Sim, Pierre sabia o que era que estava acontecendo, ele vinha percebendo há algum tempo nas interações entre Charles e Carlos que algo ali não estava "normal". Mas tudo bem, iria esperar que ele conseguisse falar. Sinceramente Pierre achou que estivesse ficando louco quando suspeitou de algo entre eles dois, mas aparentemente, não estava tão maluco assim.

Encerradas as sessões de treinos livres daquele dia, Carlos foi para o banheiro de sua sala privativa tomar um banho, estando a relaxar debaixo do chuveiro há bom tempo. Sentia a água quentinha tocar o topo de sua cabeça e escorrer pelo restante de seu corpo, mantendo os olhos fechados e a respiração ritmada, quase que numa meditação. Era como se o banho levasse embora todo seu estresse, todos os sentimentos ruins que havia sentido naquela semana. Apesar de aquele dia ter sido proveitoso, com Charles e ele fazendo bons tempos nos treinos livres, a semana de Carlos foi bem caótica, desde que anunciou seu término com Isa e tivera que responder uma série de perguntas sem sentido sobre sua vida pessoal que na verdade nem deveriam existir.

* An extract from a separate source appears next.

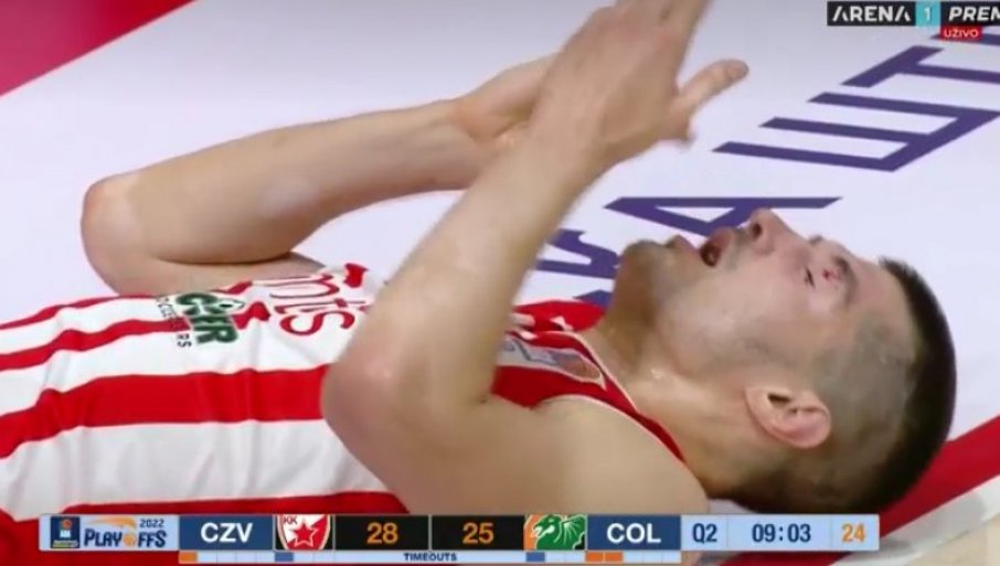 Zvezda i Cedevita igraju u beogradskom "Pioniru" meč plej-ofa ABA lige, a američki centar Zak August nesmotreno je udario u lice Luku Mitrovića i taj potez mogao je ozbiljno da povredi košarkaša Zvezde.

Além disso, sentia que a relação entre Charles e ele, que já vinha esquisita desde o Bahrein, tinha ficado um pouco mais estranha, pelo menos foi a sensação que teve ao reencontrá-lo na última quarta-feira, que os dois voltaram a se ver depois da semana de pausa entre as race weeks. Não era como se tivessem deixado de se dar bem, mas o sentimento de que havia um elefante branco na sala parecia maior ainda entre eles, pelo menos para Carlos. Notou que Charles parecia um pouco mais tranquilo comparando com as semanas anteriores, e isso era muito bom, Sainz odiava vê-lo se autodepreciando ou sofrendo por antecipação, como vinha acontecendo.

Charles não perguntou nada sobre seu término com Isa, apenas lhe deu um abraço e disse que sentia muito, mas não se aprofundou no assunto. Talvez fosse Carlos que estivesse agindo de forma esquisita, voltando a fugir dos sentimentos que cresciam em seu peito cada dia mais, e fugir deles também significava fugir de Charles. O espanhol só sabia que não era uma situação que o deixava feliz, porém o deixava confortável, e acreditava que Charles sentia o mesmo, portanto não mexeria naquilo que estava quieto.